▶ **INSTRUCTIONS TO FOLLOW**
Note on the material below: return exactly the lines from the line that holds "Yüksek yakalı, uzun" through the line that holds "なし | 車検制限 | R6年1月12月 |", and leave out each picture.

▶ **MATERIAL FOR THE TASK**

┄┄┄┄┄┄

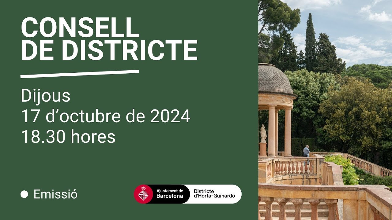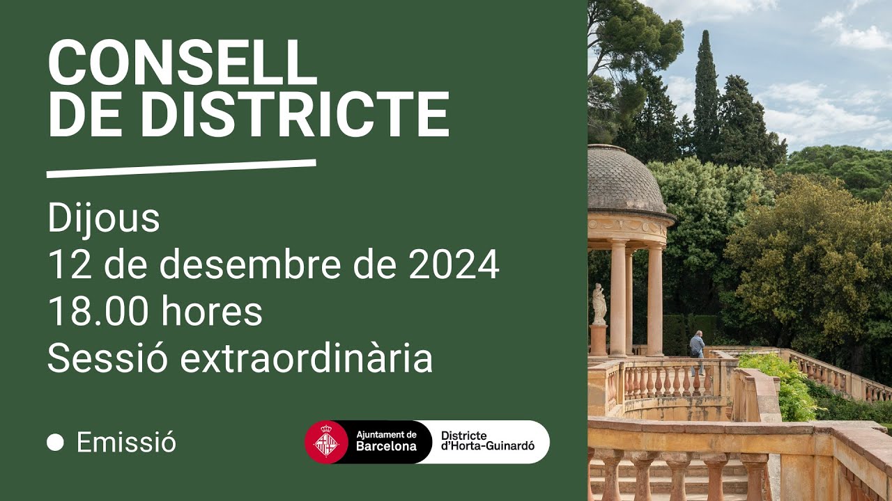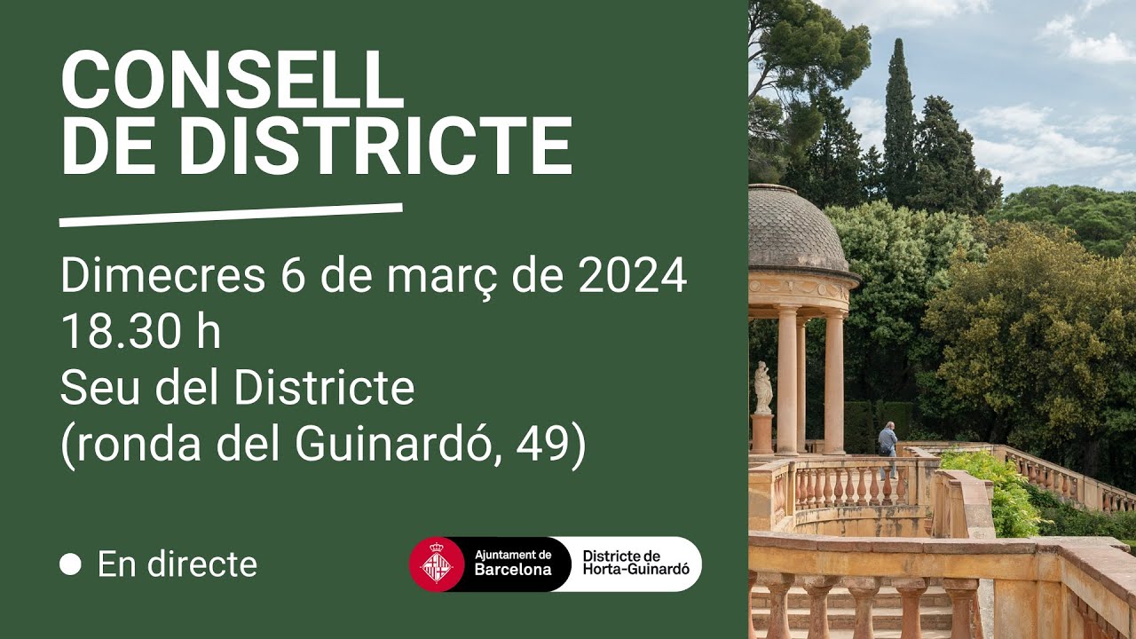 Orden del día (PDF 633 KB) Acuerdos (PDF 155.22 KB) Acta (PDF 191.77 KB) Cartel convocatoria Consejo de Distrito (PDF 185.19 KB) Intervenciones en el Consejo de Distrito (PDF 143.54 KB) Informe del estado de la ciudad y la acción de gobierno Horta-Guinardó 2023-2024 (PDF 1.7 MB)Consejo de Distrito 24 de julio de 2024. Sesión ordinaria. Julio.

┄┄┄┄┄┄

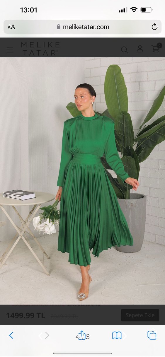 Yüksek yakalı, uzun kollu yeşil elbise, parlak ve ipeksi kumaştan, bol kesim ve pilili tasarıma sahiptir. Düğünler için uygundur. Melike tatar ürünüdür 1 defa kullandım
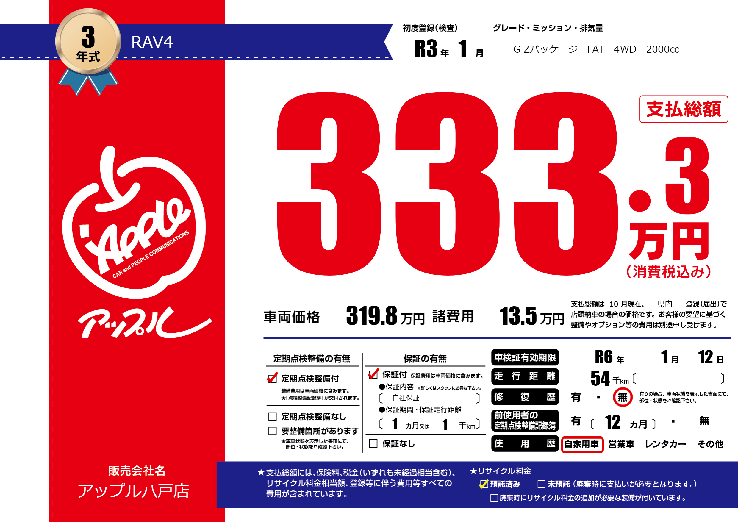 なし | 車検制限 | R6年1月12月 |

┄┄┄┄┄┄

▶ **THE COMPLETED TASK**
 Yüksek yakalı, uzun kollu yeşil elbise, parlak ve ipeksi kumaştan, bol kesim ve pilili tasarıma sahiptir. Düğünler için uygundur. Melike tatar ürünüdür 1 defa kullandım
 なし | 車検制限 | R6年1月12月 |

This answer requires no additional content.